Here’s how Ferentz responded.

“It’s really interesting. I think this past Sunday was the first time I’ve had a recruit bring it up. Now, I’m not saying they haven’t maybe talked to our assistants. I imagine that’s a possibility, but, you know, we haven’t really experienced that. Our players in our program, Tyler Linderbaum was probably our best-known guy last year. Almost inadvertently raised 36,000 dollars and he gave it to the Children’s Hospital just to give you an indication. We’re lucky the guys we get to work with and I would have had no problem with him putting that in his pocket.

“But, you know, no, it really hasn’t been a big factor yet. I’m sure it’s going to be more than one. If we could write the script, our approach I think would be to, I’d prefer to see players that are actually in college who have done something, see them get rewards in proportion to what they’ve accomplished. It would be nice if there was an academic component to it. That’s probably not the real world, but I think all of us function better when production is rewarded as opposed to potential or projection,” Ferentz said.

Eisen followed up by asking if that recruit asked for a specific figure to Ferentz’s face.

“He was talking about, you know, just the world of NIL, and, if you understood his background, you’d understand it. I think you would at least. I field like I did. It was totally innocent. Well, he wasn’t trying to cut a deal. I’m sure that day is coming, but haven’t had that experience yet,” Ferentz said.

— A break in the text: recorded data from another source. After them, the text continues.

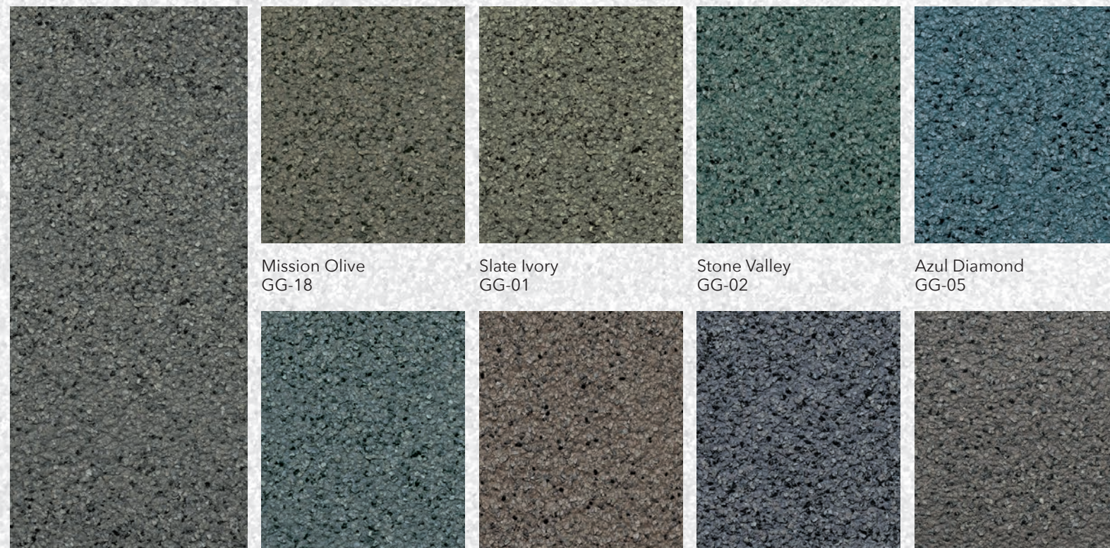
Gray No. 650 Mineral Gray GG-17 Atlantic Topaz GG-03 Galaxy Quartz GG-08 Ornamental Gem GG-07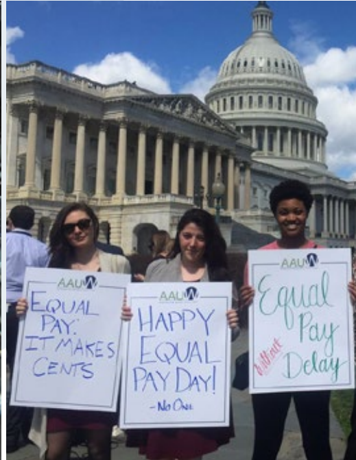
AAUW equal pay advocates on Capitol Hill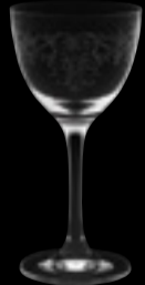
Nick & Nora 04 LACE 16 cl 5 ½ oz H 150 mm 6 " D 74 mm 3 " No. 6515 04333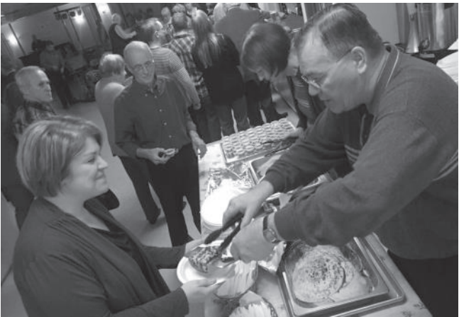
At the Comité's Crêpes et chansons dinner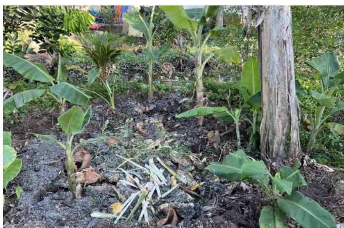
“Banana circles model” that GreenHub implemented in Son dune area, Can Tho city in project “Zero Waste to Mekong River: Pilot Circular Economy model for Floating markets in Can Tho”

Beside communication activities to raise awareness and capacity for localities, pilot models such as: “Zero waste Village”; “Waste separation model and No-plastic bag market”; “Banana circles model in households”... will be consider to set up by GreenHub, local authorities, associations, and waste collect units to determine possibilities and implementation location.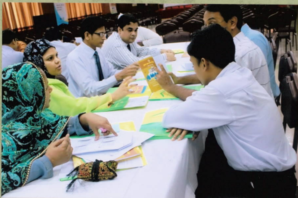
Participants are engaged in group work at VC workshop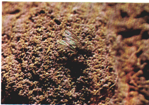
1) Seed corn maggot—adult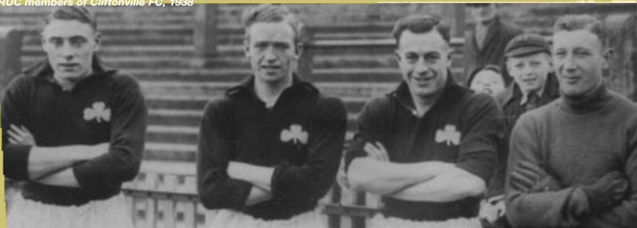
RUC members of Cliftonville FC, 1938

First Round: - Glasgow Celtic 3 corners, Brantwood 0; Linfield 2 corners, Glentoran 0; Glasgow Rangers, 2 goals (McIntyre), Distillery 0; RUC 2 goals (Brown), Portadown 1 goal (Silcock).

The quarterback competition, his son in New England

Joseph Cress/Iowa City Press-Citizen / USA TODAY NETWORK

Hawkeyes Wire touched on what Ferentz had to say about the quarterback competition and seeing his son, James Ferentz, at training camp in New England.

Naturally, the quarterback comments were noteworthy as fall camp begins. Most fans probably remember or know this, but Ferentz coached under Bill Belichick as the offensive line coach in Cleveland during the 1993-95 NFL seasons, so the connection between Ferentz and Belichick is an interesting one historically.